<center><b><font size=6>Machine Learning for Networking <b><center>
<center><b><font size=6>Lab 10 <b><center>
<center><b><font size=6>   Neural networks <b><center>

## LAB objective: define and train neural network models using Pytorch

**Pytorch** is one of the most popular Python library for deep learning tasks and it is highly configurable. In this lab, you will learn how to define a feedforward neural network for supervised problems.

Useful link: <a href="https://pytorch.org/docs/stable/index.html">documentation</a>, <a href="https://pytorch.org/tutorials/beginner/basics/intro.html">basics</a>, <a href="https://pytorch.org/tutorials/beginner/pytorch_with_examples.html">examples</a>.

In [None]:
# To install pytorch. Then restart kernel. 
# WARNING: it takes around 5 minutes

!python -m pip install torch
!python -m pip install torchvision

In [None]:
# import needed python libraries
import matplotlib.pyplot as plt
import seaborn as sns
import pandas as pd
import numpy as np
import random 
from sklearn.preprocessing import StandardScaler
from sklearn.model_selection import train_test_split

import torch
from torch import nn
import torch.nn.functional as F
from torchvision.datasets import MNIST
from torchvision import transforms

## 1. Tutorial - Neural networks for classifying hand-written digits
We will use the MNIST dataset, which is a well-known image dataset for studying neural networks.
It contains 70000 images (28x28 greyscale) of hand-written digit numbers from 0 to 9, and you need to define and train a neural network hypothesis to classify the image to the corresponding number.

In [None]:
# load data and split into train, validation and test
# the snippet here is customized for MNIST dataset, you don't have to know how it works exactly

transform = transforms.Compose([
    transforms.ToTensor(),
    transforms.Normalize((0.1307,), (0.3081,)) # mean and stardard deviation, already computed for MNIST dataset
])

dataset = MNIST('data/train', train=True, download=True, transform=transform)
dataset_test = MNIST('data/test', train=False, download=True, transform=transform)

# Further split intro training and validation set
dataset_train, dataset_val = torch.utils.data.random_split(dataset, [int(len(dataset)*5/6), int(len(dataset)/6)])

len(dataset_train), len(dataset_val), len(dataset_test)

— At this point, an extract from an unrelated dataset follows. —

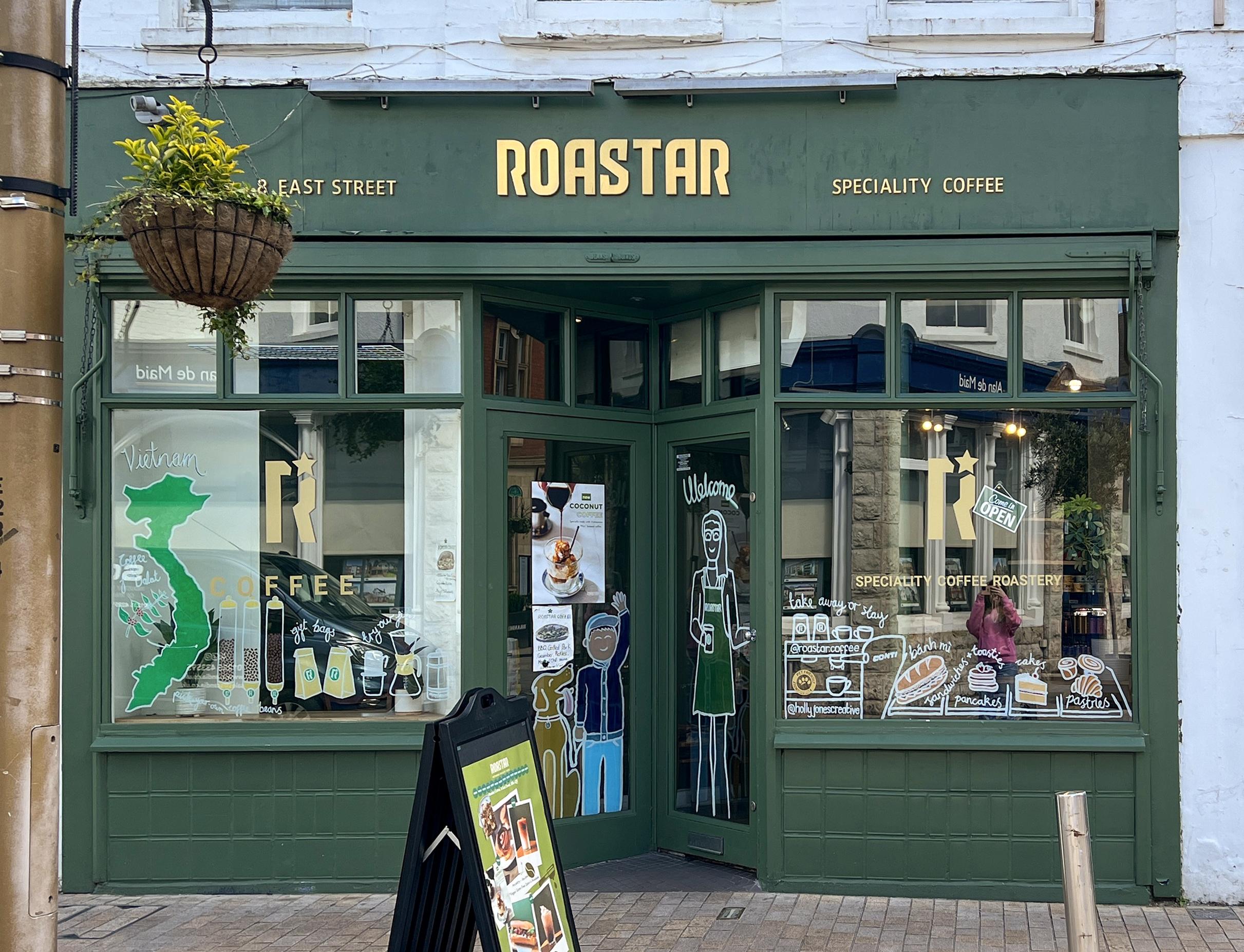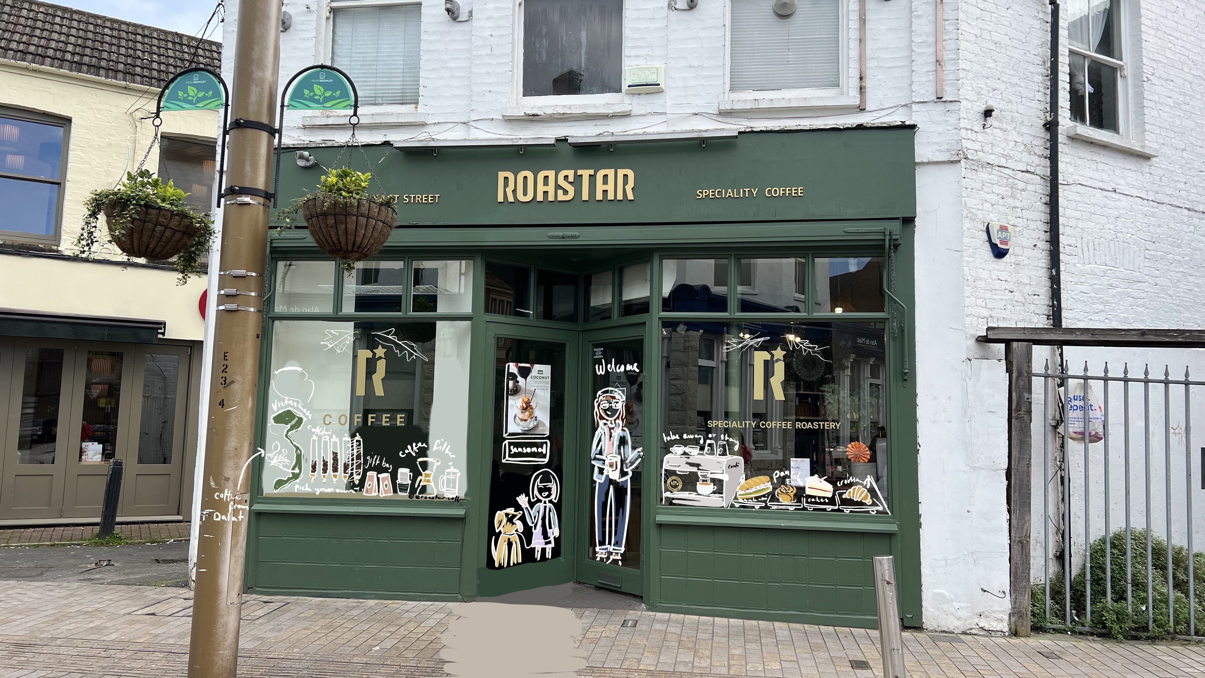 - Roastar offers bánh mì, a Vietnamese baguette, which they wanted to show clearly illustrated in the window as not everyone knows what bánh mì is, and some customers aren’t that ‘adventurous’ with trying new foods. We hope an illustration of the delicious baguettes will tempt them to find a new dish they can enjoy!

 We can visualize a random sample of the dataset. Run the cell multiple times to see different samples.

In [None]:
plt.figure()
n = random.randint(0, len(dataset_train)) #a random index
image = dataset_train[n][0] # this is a 1x28x28 image. We represent it as grayscale (it is not RGB image)
label = dataset_train[n][1]
plt.imshow(image[0, :], cmap='Greys') 
plt.title(f'The number is {label}')
plt.show()

In [None]:
image.shape

 We define a function to compute accuracy and plot confusion matrix. We will use them multiple times later.

In [None]:
# define the function that calculate the accuracy
def accuracy_fn(y_true, y_pred):
    correct = torch.eq(y_true, y_pred).sum().item() # .item() to convert a tensor into a primitive type (float or int).
    acc = (correct / len(y_pred))
    return acc

# function to compute and plot the confusion matrix
def confusion_matrix(y_true, y_pred):
    df = pd.DataFrame([x for x in zip([x.item() for x in y_true], [x.item() for x in y_pred])], columns=['y_true', 'y_pred'])
    df[['samples']] = 1
    confusion = pd.pivot_table(df, index='y_true', columns='y_pred', values='samples', aggfunc=sum)
    plt.figure()
    sns.heatmap(confusion, cmap='Blues', annot=True, cbar_kws={'label':'Occurrences'}, fmt='g')
    plt.xlabel('Prediction')
    plt.ylabel('True')    
    plt.title('Confusion matrix')
    plt.show()

 Transform data into tensors and generate features and labels for train, validation and test.

In [None]:
#transform data into tensor X and tensor y
def get_data_label(dataset):
    # Initialize lists to store training data and labels
    data = []
    labels = []
    
    # Iterate through the dataset to extract data and labels
    for datum, label in dataset:
        data.append(datum)
        labels.append(torch.tensor([label]))
    
    # Concatenate the data and labels lists into tensors
    data = torch.cat(data, dim=0)
    labels = torch.cat(labels)
    
    return data, labels

In [None]:
# We extract all data and labels from the datasets. It may take a while.
X_train, y_train = get_data_label(dataset_train)
print(f"Training set length: {X_train.shape[0]}")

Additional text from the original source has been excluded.